§ **What you should do**
Print exactly, and only, the lines from the one that has "Blau Sky with" through the end of the material below, with both ends included and the pictures omitted.

§ **Recorded information**
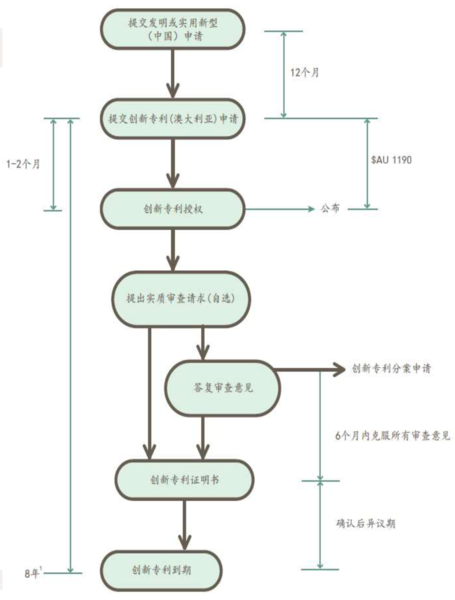 創(chuàng)新專利:可以通過CP提交澳大利亞標(biāo)準(zhǔn)專利新申請;如果是通過PCT途徑的話,不能直接提交創(chuàng)新專利,而是需要以PCT申請為基礎(chǔ)提交分案申請進入澳大利亞;或者以標(biāo)準(zhǔn)專利進入國家階段,然后再通過轉(zhuǎn)換類型或者提分案得到創(chuàng)新專利申請。實審不是必須的,如果提了實審,那么在收到第一次審查意見后6個月內(nèi)需克服所有缺陷,克服缺陷后進入審定,審定后3-6個月授權(quán)。創(chuàng)新專利保護期限是8年。
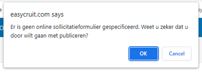 We hebben feedback ontvangen dat de recent ontwikkelde 'geen sollicitatieformulier' waarschuwing verplaatst moet worden naar de publicatie pagina, omdat recruiters de sollicitatieformulier pagina vaak overslaan. Daardoor kregen deze gebruikers de waarschuwing niet te zien en werden vacatures nog steeds zonder sollicitatieformulier gepubliceerd. We hebben de waarschuwing daarom verplaatst naar de allerlaatste stap in de vacature workflow. De waarschuwing verschijnt nu nadat je op ‘Bevestigen’ hebt geklikt.
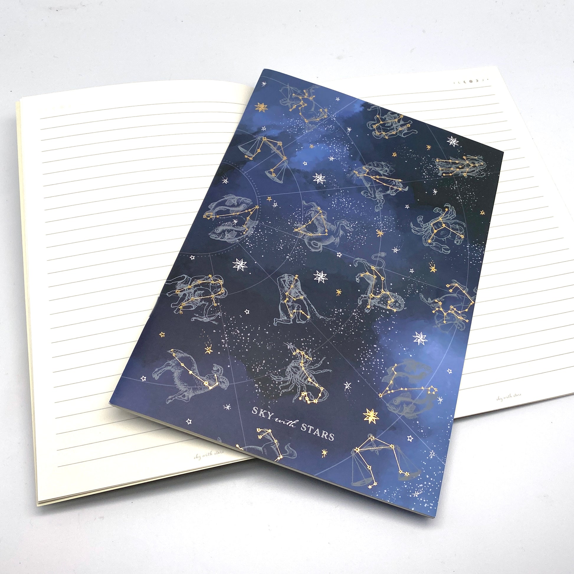 Blau Sky with Stars: Sternzeichen mit Gold Applikationen, Innenseiten liniert
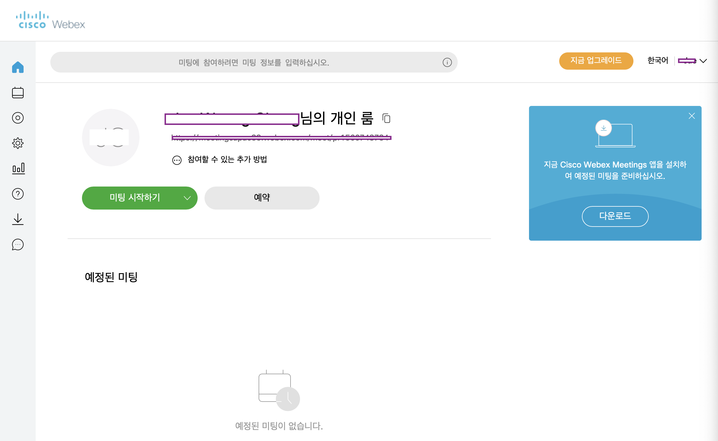 개인 룸은 화상 회의를 시작하거나 예약하는 장소 입니다. 또한 다른 사람들에게 화상 회의를 초대하기 위한 주소값을 표시해 줍니다.

§ **Expected output**
 Blau Sky with Stars: Sternzeichen mit Gold Applikationen, Innenseiten liniert
 개인 룸은 화상 회의를 시작하거나 예약하는 장소 입니다. 또한 다른 사람들에게 화상 회의를 초대하기 위한 주소값을 표시해 줍니다.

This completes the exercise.